As noted above, copper comprises one of the major components for wire and cable products. Copper prices can be volatile. Wire and cable manufacturers are generally able to pass through changes in the cost of copper to customers. The cost of our products typically comprises a relatively small component of the overall cost of end products produced by customers in each of our end markets. As a result, our customers are generally less sensitive to marginal fluctuations in the price of copper as our products make up a relatively small portion of their overall purchases. However, there can be timing delays of varying lengths for implementing price changes depending on the magnitude of the change, the type of product, competitive conditions, particular customer arrangements and inventory management.
Product Overview
Net sales across our four major product lines were as follows:
Year Ended December 31, | ||||||||
Net Sales by Groups of Products | 2010 | 2009 | ||||||
(In thousands) | ||||||||
Industrial Wire and Cable | $ | 328,405 | $ | 187,671 | ||||
Assembled Wire and Cable Products | 196,523 | 167,734 | ||||||
Electronic Wire | 154,825 | 133,090 | ||||||
Fabricated Bare Wire | 24,010 | 15,657 | ||||||
Total | $ | 703,763 | $ | 504,152 | ||||
Industrial Wire and Cable
Our industrial wire and cable product line includes portable cord, machine tool wiring, building wire, welding, mining, pump, control, stage/lighting, diesel/locomotive, instrumentation, tray, and metal clad cables and other power cord products.
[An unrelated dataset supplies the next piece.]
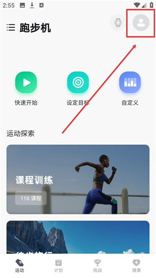 1、在跑步机页面,点击右上角个人头像图标,进入【我的】页面。

Our product is available in either polyvinyl chloride (“PVC”), crosslink, or thermoset constructions. Since 2008 we have invested resources to create 15 new industrial product lines to support the utility, energy, and infrastructure construction markets that are expected to grow over the next few years. These are medium power supply cables used for permanent or temporary connections between a power source (such as a power panel, receptacle or transformer) and a device (such as a motor, light, transformer or control panel). These products are used in construction, industrial MRO and OEM applications, such as airline support systems, wind turbines, solar, utilities, cranes, marinas, offshore drilling, fountains, car washes, sports lighting, construction, food processing, forklifts, mining and military applications. Our brands in this product line include Royal, Seoprene, Copperfield, and Corra/Clad.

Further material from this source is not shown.